Overall, light on dark doesn't look good. I would make the background white for a start. Also, some of the text there looks weird because it is too large.


----------



## BlackFrancis (Oct 21, 2006)

There. Link removed. Maybe you should amend your quote aswell.

The majority of visitors to my website enjoy the black background. I've noticed that most people who visit my site are comfortable with that. Yet, you seem to be in the minority. I'm sorry if it screws with your eyes, but you have realise the majority rules.
PLUS: Looking at a white background, is like staring into a light bulb and you will not have function of your eyes for much longer.
And as for the big text font... I figured, everyone eyes are ****ed up so much by looking at lightbulbs all day they need big fonts to grab their attention.

But thank for the suggestion.


----------



## ferrija1 (Apr 11, 2006)

BlackFrancis said:


> There. Link removed. Maybe you should amend your quote aswell.
> 
> The majority of visitors to my website enjoy the black background. I've noticed that most people who visit my site are comfortable with that. Yet, you seem to be in the minority. I'm sorry if it screws with your eyes, but you have realise the majority rules.

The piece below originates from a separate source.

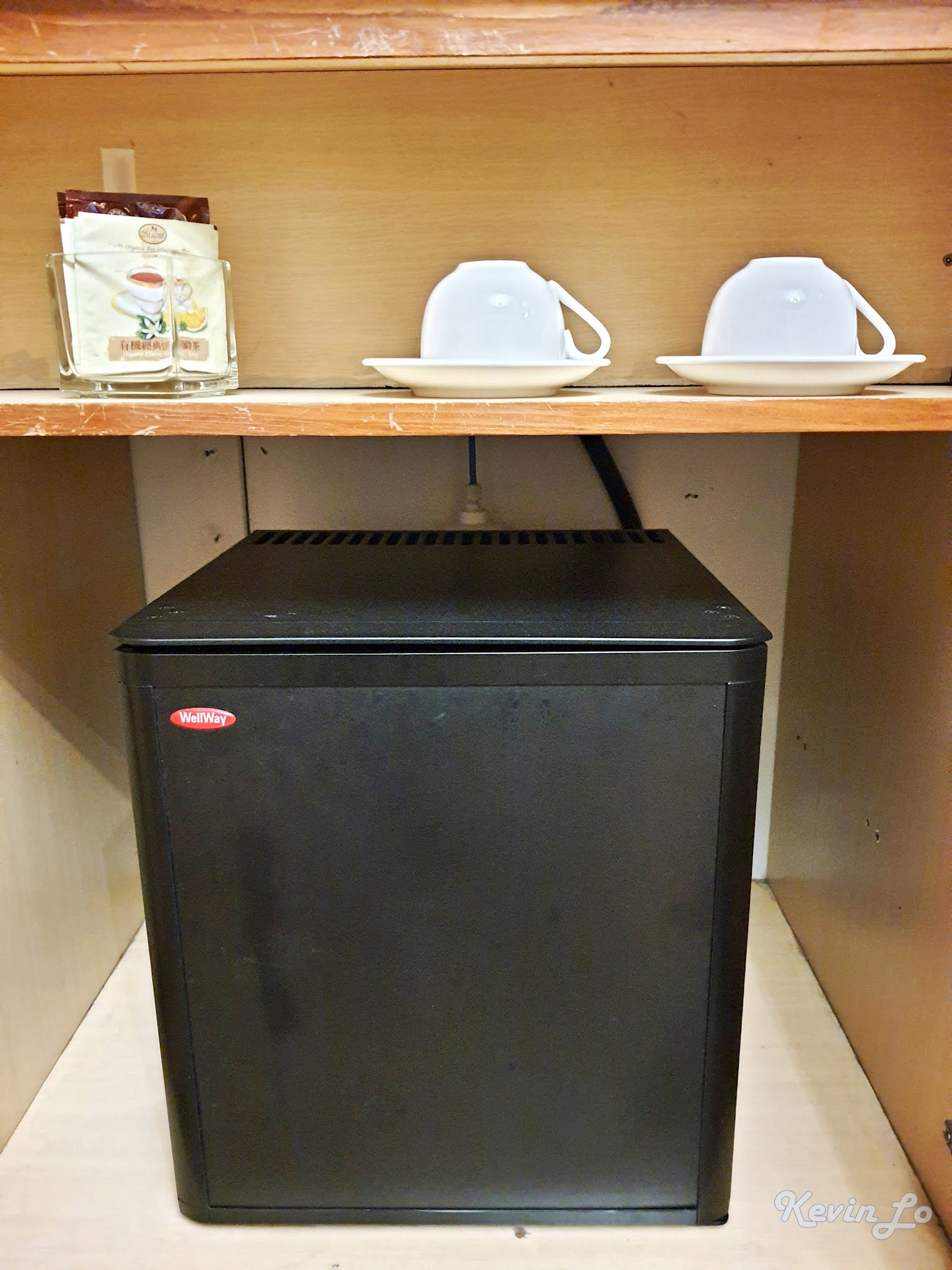 雖然櫃體看起來有點斑駁, 但維護的還算乾淨, 附有杯子、茶包、咖啡包與冰箱.

1. How do you know that your visitors like the black background? Did you take a poll, ask your sites users, or just make it up.  :down: 
2. It doesn't have to be white, just dark on light.
3. I actually find the current site harder to see.



BlackFrancis said:


> PLUS: Looking at a white background, is like staring into a light bulb and you will not have function of your eyes for much longer.
> And as for the big text font... I figured, everyone eyes are ****ed up so much by looking at lightbulbs all day they need big fonts to grab their attention.
> 
> But thank for the suggestion.


Well, huge sites like ABC, NBC, CBS, Adobe, TSG, Microsoft, and more don't need huge text to get your attention.


----------



## BlackFrancis (Oct 21, 2006)

Ok.. dude... I'm not going to argue psychology over you, I assume you haven't spent as long as I have in university studying it and reading about the heroes.
There's many factors involved in grabbing your attention.


----------



## ferrija1 (Apr 11, 2006)

BlackFrancis said:


> Ok.. dude... I'm not going to argue psychology over you, I assume you haven't spent as long as I have in university studying it and reading about the heroes.
> There's many factors involved in grabbing your attention.

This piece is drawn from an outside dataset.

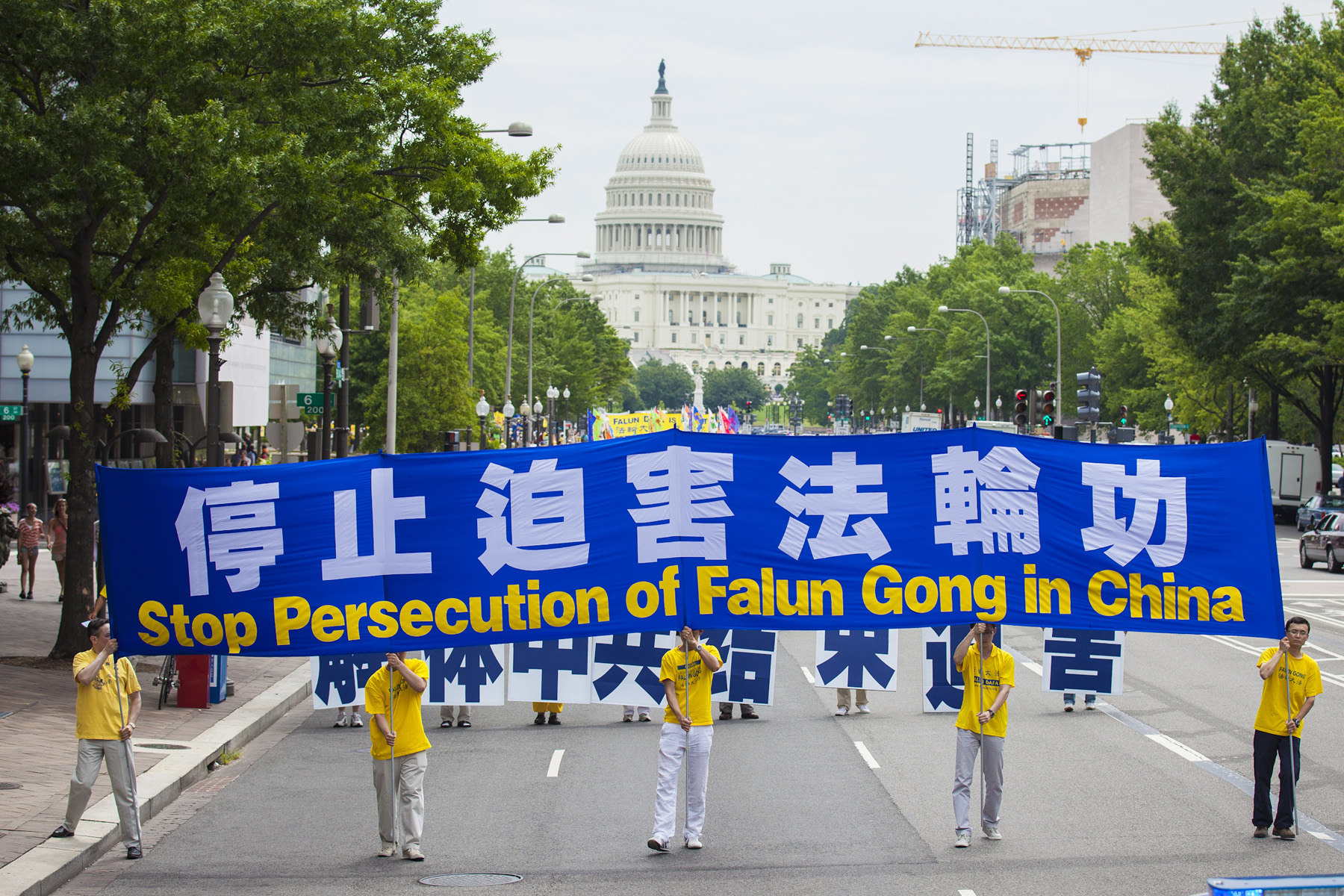 游行队伍分为“大法洪传世界”、“千古奇冤——法轮功受迫害”以及“声援一亿两千万中国民众声明退出邪党及其相关组织”等方阵。“法轮大法好”、“世界需要真善忍”、“制止迫害法轮功”等各种法轮功真相横幅和展板等在美国华盛顿DC宽阔的宾西法尼亚大道筑成了壮观的真相长河。

  Yes, there are any factors in grabbing someones attention but ugly pages isn't one of them. I'm not saying your site is ugly, because it is not, but it could use some work.


----------



## MMJ (Oct 15, 2006)

ferrija1 said:


> Yes, there are any factors in grabbing someones attention but ugly pages isn't one of them. I'm not saying your site is ugly, because it is not, but it could use some work.


Thats true, it could use some work but no reason to make it a big deal.


----------



## ferrija1 (Apr 11, 2006)

MMJ said:


> Thats true, it could use some work but no reason to make it a big deal.


I'm not trying to make one thing a big deal, but isn't giving your opinion the whole point of this thread?


----------



## MMJ (Oct 15, 2006)

ferrija1 said:


> I'm not trying to make one thing a big deal, but isn't giving your opinion the whole point of this thread?


Yes, but if the owner didn't like your opinion no reason to get offended.


----------



## ferrija1 (Apr 11, 2006)

MMJ said:


> Yes, but if the owner didn't like your opinion no reason to get offended.


I'm not offended, it's their site and they can do whatever they want to with it.


----------



## BlackFrancis (Oct 21, 2006)

Bog, I love you guys!

Ok. I respect your opinion fully. I consider everyone's opinion... I wouldn't be halfway where I am without such thing.
But my point remains: Staring at a lightbulb as much as people like we do, is incredibly staining on the eyes. I'm used to it, you're used to it. But I've been to more black background websites than you have and become accustomed to a more sensitive environment.
I hope to spread this virus.

And yes. I have collected statistics. I'm always doing my market research.

Anyway... apart from the darkness, what else makes it ugly? And don't say the ads. I didn't put them there 

UPDATE: Google found 3 of my pages on their last crawl! W00T!


----------



## ferrija1 (Apr 11, 2006)

BlackFrancis said:


> Anyway... apart from the darkness, what else makes it ugly? And don't say the ads. I didn't put them there


Are you paying for that website (I'm guessing you are) ? If you are you shouldn't have any ads. You can get hosting at GoDaddy for something like $10/month, ad-free of course.


----------



## MMJ (Oct 15, 2006)

ferrija1 said:


> Are you paying for that website (I'm guessing you are) ? If you are you shouldn't have any ads. You can get hosting at GoDaddy for something like $10/month, ad-free of course.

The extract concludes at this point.